Wednesday, July 3, 2019

A Hasty Essay for Independence Day




When I was a schoolboy, I was instilled with a deep love and respect for my country; The United States of America. A spell was put on me drenched in swirling patriotism, justice and a desire to see equality for all mankind.

I swelled with pride every morning as we spoke the Pledge of Allegiance in school, hand over my heart, absolute and resolute in my patriotism. I believed the U.S.A. was indeed the greatest Nation.

I was so filled with amazement by what a determined group of men and women could do to
forge a government from the philosophies of Voltaire, and make it real.  

The notion that all are endowed with inalienable rights of life, liberty, and the pursuit of happiness; and that it is our human destiny to be free. Freedom, no matter the cost, was an intrinsic right, like breathing. It was sacred, holy, and unquestionably good.

As a teenager, like all teenagers, I began to question those unshakable beliefs.  I began to wonder if the punch I had been drinking might be more bitter than I was led to believe. Perhaps it was not all so sweet, pure and freshly squeezed.

The wrinkles of history, the cracks in the legends of Democracy began to become more apparent, the mortar on which I had laid my bricks of patriotism was weak.  I recoiled in horror at the things done in the name of Freedom, Equality and the pursuit of happiness.  The dark side of liberty.

My 20’s, I can’t really remember with much accuracy my feelings about my country. I remember touting the blessings of a free people, a free government and the right to drink on  a rooftop balcony while fireworks exploded in the background and I screamed about how awesome we were.

2001 arrived and brought with it such wrath against the United States of America from lands that seemed far too distant. I didn’t know then, how much some of the rest of the world just didn’t like us, how they hated us. I was sad that we, as a country, had created such vitriolic hate through our policies, our greed and ignorance.

I mourned the loss of that Country my younger self had so eagerly and willingly believed in. I was sad for my own blindness and loss of innocence. I was ashamed that I believed in a Country that didn’t seem to exist any longer. I felt grief like I had lost my best friend.

Yet, the mourning, slowly turned to a sort of historic anger. That we had allowed ourselves to be sucked into the very beliefs that our founders had warned us about. They knew, even in their own time, that delicate balance a Republic must maintain, and the work that must be done to protect those rights we feel deep within our hearts and to defeat despots, tyrants and manipulators of fear in our own backyards.

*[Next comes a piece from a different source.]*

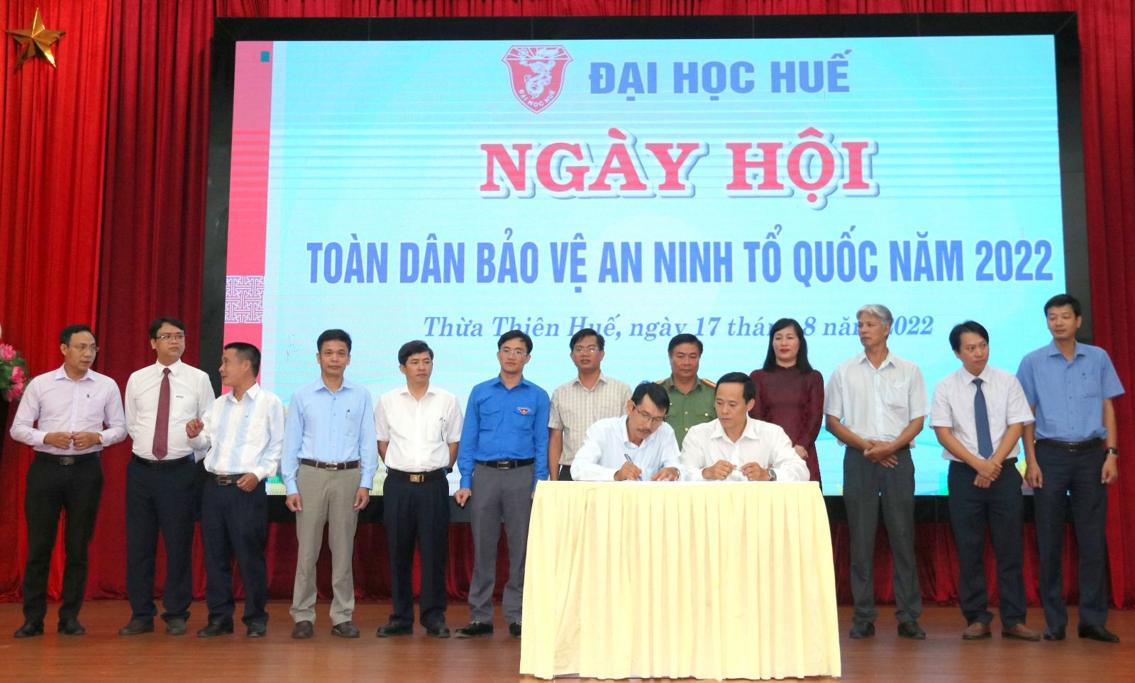 Tại ngày hội, đại diện lãnh đạo ĐH Huế đã phát động phong trào thi đua thực hiện công tác xây dựng phong trào toàn dân bảo vệ ANTQ. Các đơn vị thành viên và đơn vị đào tạo trực thuộc ĐH Huế cũng đã ký kết giao ước thi đua.

Now, in my 40’s, I still believe in the U.S.A. and the ideals for which we stand. I believe a people, united, can learn from the mistakes of history and create a vision of the future long dreamed of by those people that read a little Voltaire, and thought, “That could work!”

We can create that country, that was so impressive to a young boy in grammar school learning about his own place in society. We can be a benevolent and just country, if we only try. I long to feel that swell of pride in my chest as I did as a young man.

We are always evolving as a country, open to new ideas, people and exploring the potential for all persons to rise to the challenge’s freedom presents. We can be inclusive, generous, and strive for fairness.  We can.

As we celebrate our Independence Day tomorrow, I hope that torch of liberty can be seen reflected in our eyes and each of us can smile at one another knowing that we’re all in this together, and we’ll always be there for each other, United; and make a new generation of schoolchildren proud.